Мне хочется разбить кубок о стену: оставить после себя новую вмятину, уже на новой квартире. Замахнувшись, я вдруг замечаю какую-то черную пластмассовую белиберду, на которую вначале не обратила внимания. Бросив кубок на кровать, из груды ненужного хлама я вынимаю пару искривившихся, старых очков.
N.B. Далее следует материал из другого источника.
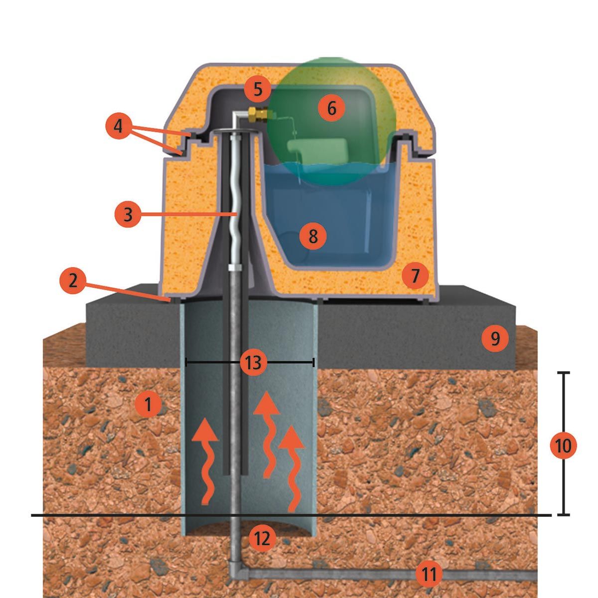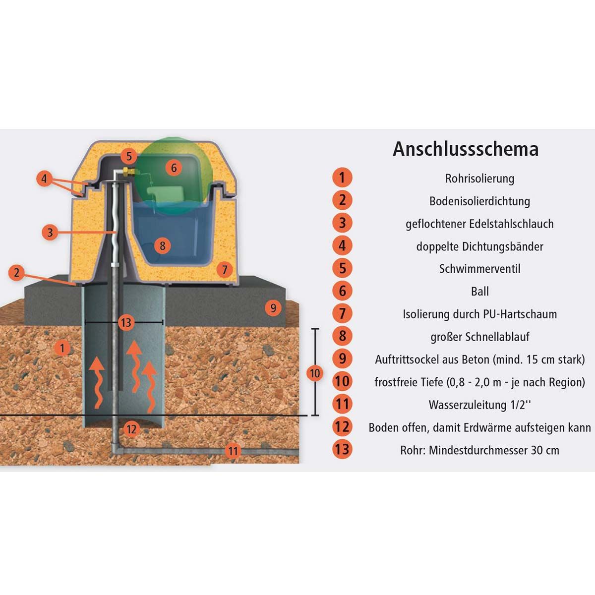 Odată ce dozatorul este umplut, bilele închid orificiile de băut și mențin astfel apa curată și la o temperatură plăcută. Pentru a absorbi apa, animalele trebuie doar să apese pe minge. O supapă cu plutitor asigură umplerea automată a apei proaspete (până la 35 l/min), care intră în adăpător deja la temperatura solului (3-5 °C iarna, 10-12 °C vara) prin conducta de alimentare amplasată la adâncimea solului fără îngheț. Carcasa cu pereți dubli, umplută cu spumă termică, oferă un nivel ridicat de protecție împotriva frigului și căldurii și menține temperatura apei la un nivel confortabil pentru animale.
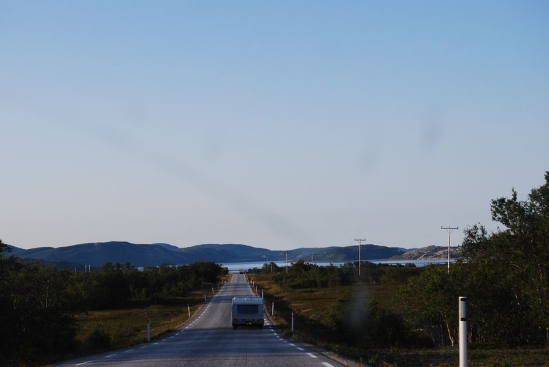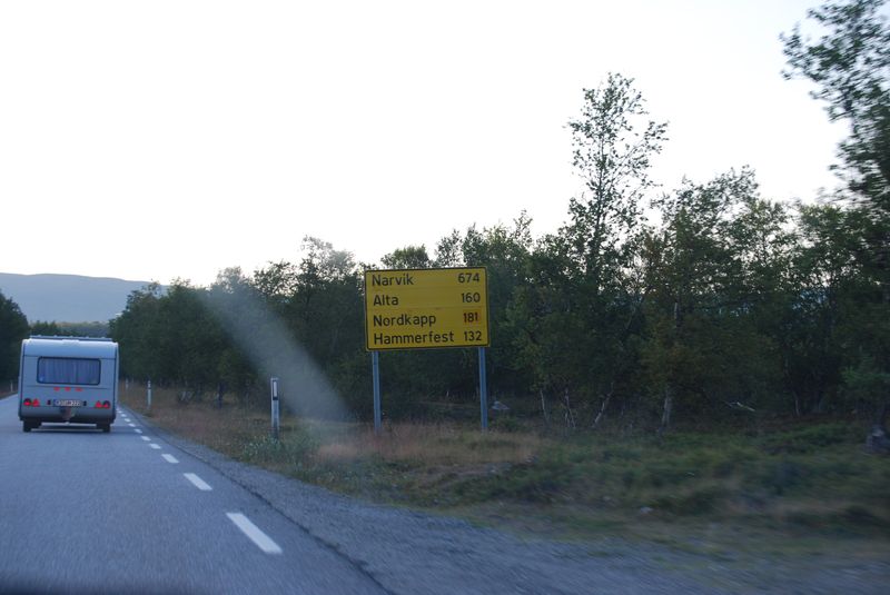 Nach Karasjok ging es ohne weitere schuldhafte Verzögerungen in Richtung Nordkapp. Gegen 21 Uhr erreichten wir einen Campingplatz bei Repvåg, unweit des Nordkapptunnels. Dort trennten wir von Toby und Anke, um die Nacht am Nordkapp erleben zu können. Obwohl wir keine Gäste des Campingplatz waren, konnten wir hier für den lächerlichen Betrag von 10 NOK duschen gehen. Die sehr freundliche Besitzerin parlierte perfekt auf Englisch, freute sich über unseren Besuch und wechselte uns jeweils 10 EUR zu einem korrekten Kurs in NOK. Gegen 23 Uhr fuhren wir weiter.

Моя душа уходит в пятки. Это черная оправа от очков, это единственная вещь из коробки, которая на самом деле ему принадлежала. Бен надевал их, когда хотел казаться серьезным. В такие моменты к нему можно было обращаться не иначе, как «профессор Бишоп», хотя так называли папу, а папа не носил очков. Я пытаюсь представить себе брата. Вспомнить его глаза в рамках оправы, и то, как он улыбается, прежде чем ее надеть.

Безуспешно.

Мое сердце разрывается на части, и я смыкаю пальцы на оправе. И в тот самый момент, когда уже собираюсь отложить ее, я чувствую нечто слабое, очень далекое и в то же время зажатое в моей ладони. Едва слышный гул, как после звона колокола. Легкий, как перышко, он едва уловим, и я закрываю глаза, делаю медленный вдох, сосредотачиваясь, и тянусь к нити воспоминаний. Она так тонка, что выскальзывает из моих пальцев, но мне все же удается схватить ее. Тьма перед моими глазами отступает, сменяется серой пеленой, которая в свою очередь расползается на фигуры, и из них складывается картинка.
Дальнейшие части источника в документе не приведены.